- Brooks Lake Lodge
- U.S. National Register of Historic Places
- Nearest city: Dubois, Wyoming
- Coordinates: 43°44′47″N 110°00′23″W﻿ / ﻿43.74639°N 110.00639°W
- Area: 22.5 acres (9.1 ha)
- Built: 1922
- Architectural style: Bungalow/craftsman, Western Craftsman
- NRHP reference No.: 82004333
- Added to NRHP: September 29, 1982

= Brooks Lake Lodge =

The Brooks Lake Lodge, also known as the Brooks Lake Hotel and Diamond G Ranch, as well as the Two-Gwo-Tee Inn, is a recreational retreat in Fremont County, Wyoming near Dubois in the upper Wind River valley. The complex was built in 1922 to accommodate travelers coming to Yellowstone National Park on U.S. Route 287 from central Wyoming. The buildings are mainly of log construction with Craftsman style detailing.

==Description==
The centerpiece of the complex is the lodge building. In plan the lodge is a Roman cross with a main section about 97 ft by 34 ft with crossing wings and an end extension. The lodge appears to have two stories but is in fact single story construction. The gabled roof is supported by log trusses. The main room in the lodge's interior is the dining room with a stone fireplace at one end, back-to-back with a similar fireplace facing into the lounge. Guest and utility rooms flank these spaces.

Other buildings on the site included guest cabins, a gas station, a barn, a stable and sheds.
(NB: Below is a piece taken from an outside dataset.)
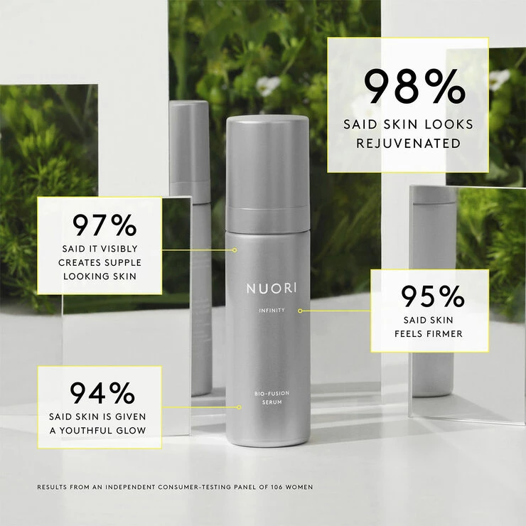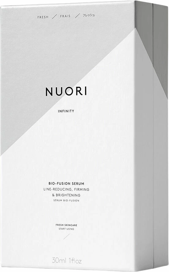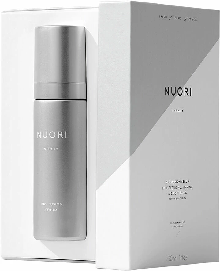 NUORI’s virksomme, men stadig lette Bio-Fusion Serum er formuleret med et naturligt alternativ til retinol, der adresserer universelle tegn på ældning af huden. Ved daglig brug reducerer denne serum forekomsten af fine linjer og rynker og giver huden et lysere og fastere udseende. Et bioekstrakt, udvundet af plantebaseret bakuchiol, er et naturligt alternativ til retinol, der tilbyder de samme hudfornyende resultater uden irritation eller lysfølsomhed. Den seneste generation af naturlig hyaluronsyre booster har synlig dermo-fyldende og fugtgivende effekt, og ceramider med høj biotilgængelighed understøtter fornyelse og genopbygning af hudens naturlige beskyttelsesbarriere. C-vitamin tilbyder antioxidantbeskyttelse og hjælper med en mere ensartet hudtone. INSTRUKTIONER: Påfør tre til fire pump på renset hud i ansigt, på hals og décolleté både morgen og aften. For optimale resultater vent 30 sekunder før din foretrukne INFINITY-creme påføres.

There were 15 guest cabins in 1922.

==History==
The Brooks Lake Hotel was built in 1922 as part of a program to provide accommodations for tourists arriving via the Lander-Yellowstone Transportation Company and was operated by the Amoretti Hotel and Camp Company. Eugene Amoretti was a businessman in Lander who was alleged to be the first European born in South Pass City in 1871. The Brooks Lake hotel was one of two operated by Amoretti on the road to Yellowstone; the other was at Moran. The hotel was built quickly, started in April 1922 and completed by July 1. The hotel charged $6 per person daily or $35 weekly, and it flourished for a couple of years, but by 1926 it was bypassed by buses. That year it was reorganized by investor Jim Gratiot as the Diamond G Ranch, which offered a dude ranch experience. This strategy worked through the years following World War II, but business again declined in the 1950s. For a while the Morton Salt Company used it as an employee recreation facility.

The property has been redeveloped and operates as a luxury resort. It was listed on the National Register of Historic Places on September 29, 1982.

Early on July 28, 2019, a fire damaged the lodge. The lodge itself was saved, but the roof and dining area were damaged.